WHAT THE TASK ASKS ▸
Only the lines from the one with "tamanho P na foto." to the end of the listing below should be set down, exactly as written and without any pictures.

--- DATA BELOW ---

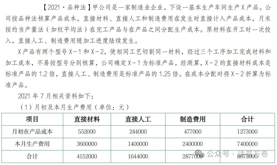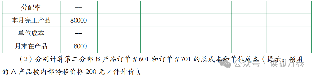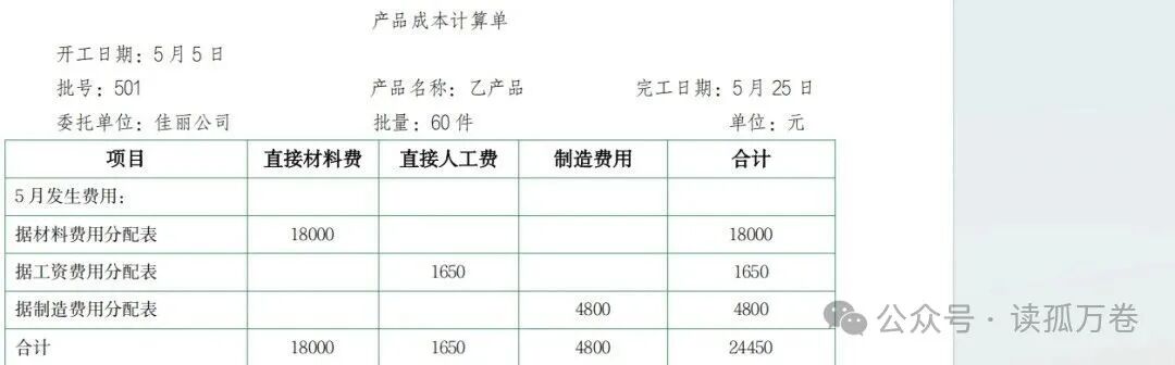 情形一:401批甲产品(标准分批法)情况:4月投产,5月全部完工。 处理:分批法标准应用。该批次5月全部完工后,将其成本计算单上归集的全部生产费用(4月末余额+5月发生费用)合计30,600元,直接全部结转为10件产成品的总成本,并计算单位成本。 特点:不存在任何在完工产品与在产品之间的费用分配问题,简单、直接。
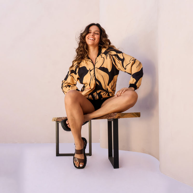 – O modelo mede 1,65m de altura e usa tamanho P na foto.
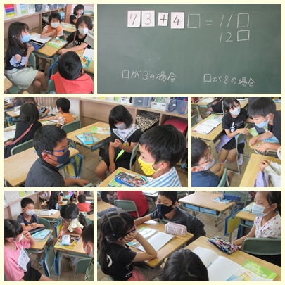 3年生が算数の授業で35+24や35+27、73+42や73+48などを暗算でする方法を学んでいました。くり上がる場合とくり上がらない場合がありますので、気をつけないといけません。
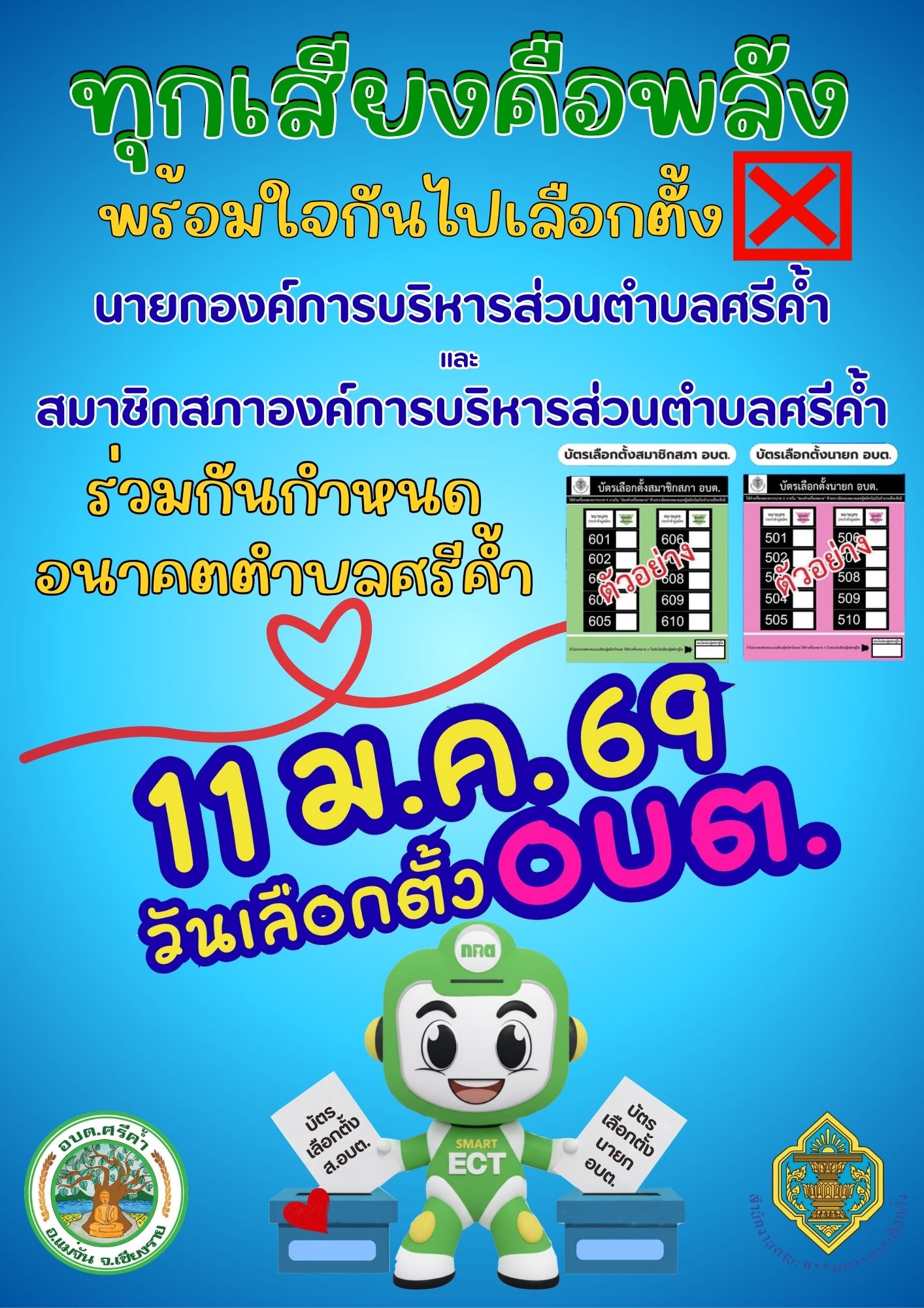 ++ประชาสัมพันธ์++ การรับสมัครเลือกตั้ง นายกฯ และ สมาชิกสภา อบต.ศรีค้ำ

---

SOLVED EXERCISE ▸
 – O modelo mede 1,65m de altura e usa tamanho P na foto.
 3年生が算数の授業で35+24や35+27、73+42や73+48などを暗算でする方法を学んでいました。くり上がる場合とくり上がらない場合がありますので、気をつけないといけません。
 ++ประชาสัมพันธ์++ การรับสมัครเลือกตั้ง นายกฯ และ สมาชิกสภา อบต.ศรีค้ำ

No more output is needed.